Copyrighted by Lorna Tedder. Originally published in Third Degree of Truth.
I couldn’t help but cringe. I did not want to get on the elevator with this man.
Normally, I don’t mind being around him at all, but today, I just wanted to run away, to get away, to be as far away from him as possible.
When the elevator doors closed behind us and I punched the button for the ground floor, I thought I would suffocate. We made small talk, nothing talk. I couldn’t wait for the doors to open again and to be free.

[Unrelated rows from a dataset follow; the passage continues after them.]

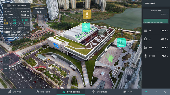 센터 내 신재생에너지 발전량 현황과 건물에서 사용하는 냉난방기·조명·엘리베이터 등의 실시간 전력수요 현황, 회의실 공기 질 등을 볼 수 있다.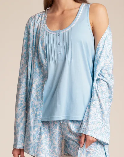 Déshabillé à manches longues classic, motif feuilles printanières bleu
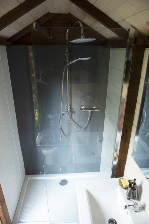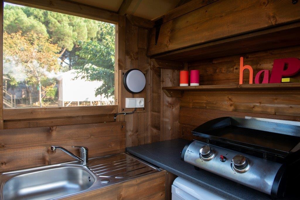 Holzhütte mit Bad (Dusche, WC, Waschbecken), Küche (Mikrowelle, Gasherd, Kühlschrank, Spüle), privater Raum auf Ihrem Stellplatz. Auch diese Hütten sind mit einem Geschirrset sowie einem Tisch mit Bank für 6 Personen ausgestattet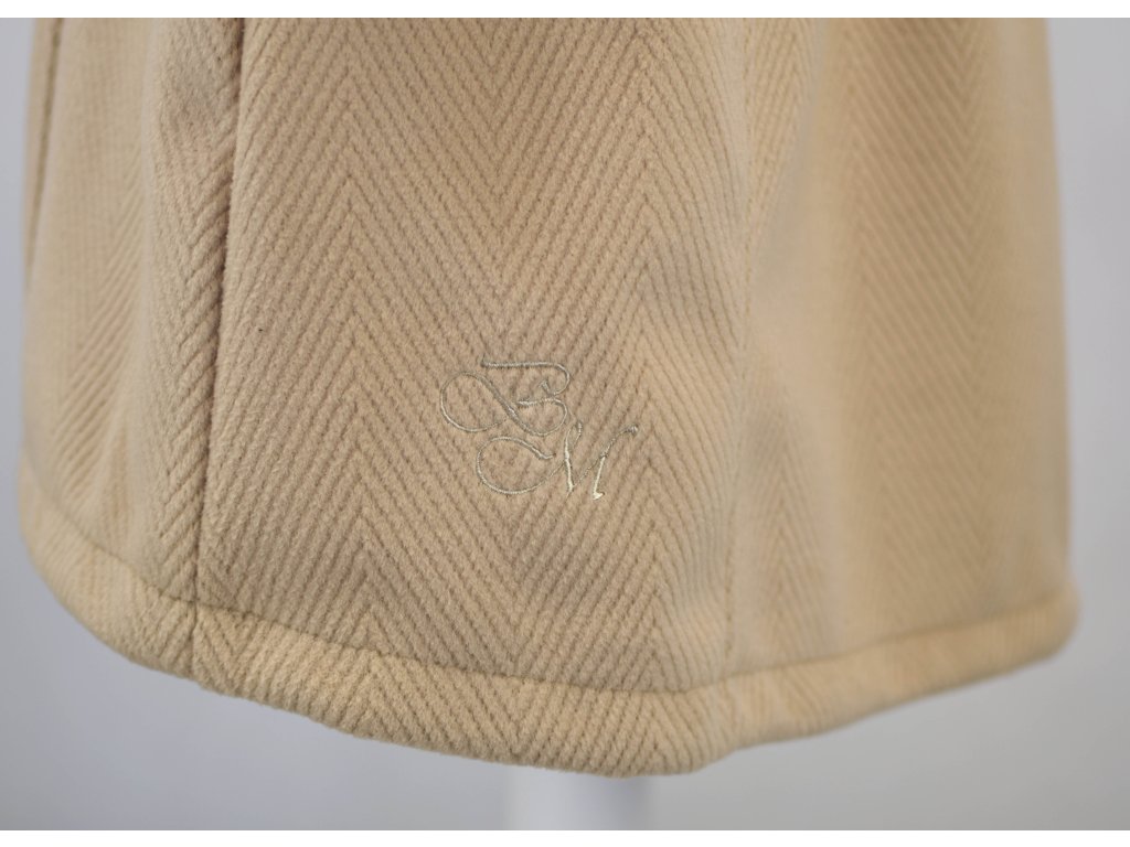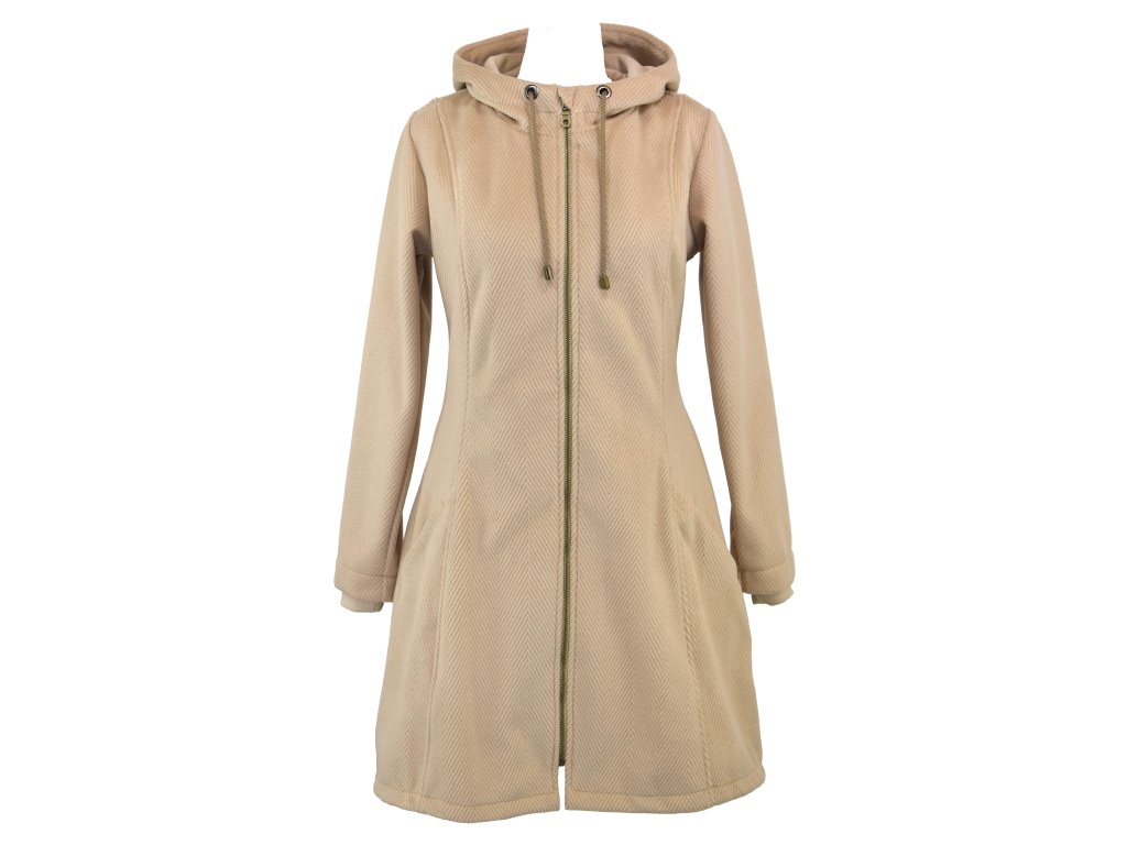 Dámský flaušový kabát áčkového střihu. Střih je projmutý do pasu, zadní díl je stažený do pevně všité gumy. V horní části je úzký, postupně se rozšiřuje. V dolním okraji se dá stáhnout gumičkou na obou stranách. Zadní délka je delší než přední část. Je kompletně vypodšívkovaný. Kapuce je zdvojená. Kabátek má kapsy na zip - všité na předním díle.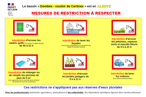 Compte-tenu d'un démarrage météorologique sec et chaud de la saison printanière associé à une pluviométrie absente depuis le début de l'année et des précipitations prévues faibles et peu fréquentes, le Préfet de l'Ain a également placé la nappe phréatique de la Plaine de l'AIn en situation de Vigilance Sécheresse. Ainsi, les habitants et professionnels des communes de la Mairie de Chatillon la Palud et de Villette sur Ain sont désormais invités, sans y être contraints, à suivre les restrictions (ci-dessous), par ailleurs imposées sur le secteur du bassin Dombes Certines de gestion des eaux souterraines dont le statut d'Alerte est toujours prolongé.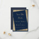 Eine moderne geometrische Marineblau und Imitate Gold Wedding Save The Date Einladung.Diese Luxus-Marinebräu und Goldhochzeit speichern das Datum Einladungen ist perfekt für jedes elegante und raffinierte Glam Mädchen. Dieses Design eignet sich perfekt für das trendige und stilvolle Party-Event. Passen Sie dieses Design mit Ihren eigenen Nachrichten und personalisierten Informationen an. Alle Designs sind gedruckt.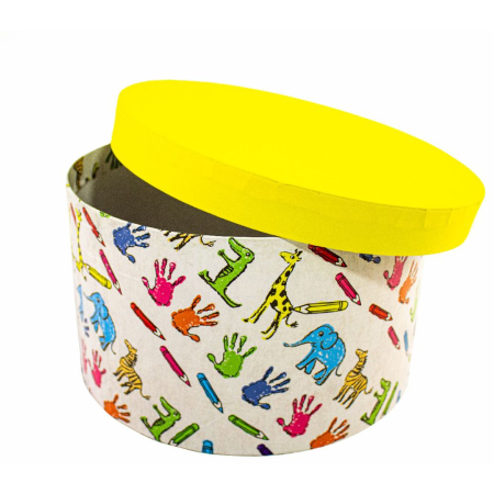 Χειροποίητο Χάρτινο Κουτί-Καπελιέρα, Παιδικό Σχέδιο με Κίτρινο Καπάκι, 3 διάστασεις

We’ve always been nice to each other though it’s not out of affection or mutual respect. We acknowledge each other in the hallways and that’s about the extent of our interaction. We have nothing in common, neither personally nor professionally. He’s just someone I know from work.
Today, I can’t stand the feeling of being close to him.
I can’t stand this feeling. I know this feeling. I know what I see around him. I’ve seen it before and I know what’s coming.
I know by the look in his eyes that the Angel of Death is hovering around him.
A shamanic friend tells me that when the body dies, the body releases its hold on the soul by releasing the elements. A loss of interest in food (Earth), reduction of fluids (Water), loss of heat (Fire), and finally the breath (Air) being the last to go as the body releases its hold.
None of that describes what I saw in my colleague today. It’s not at that point yet. And I can’t put my finger on what it is that lights up all around him like a blinking black neon sign that says this body is failing him and his time is short. I don’t know the physiology of it. I know only the dull, heavy, oppressive energy already crushing him into the Earth, into history and the passage of time. The dull, aching desolation and despair I feel coming off him in waves. Yow.
I want to do something, but there’s nothing I can do.
Except….
Except maybe later today I’ll drop by his desk…to say…hello…but it will really be my goodbye.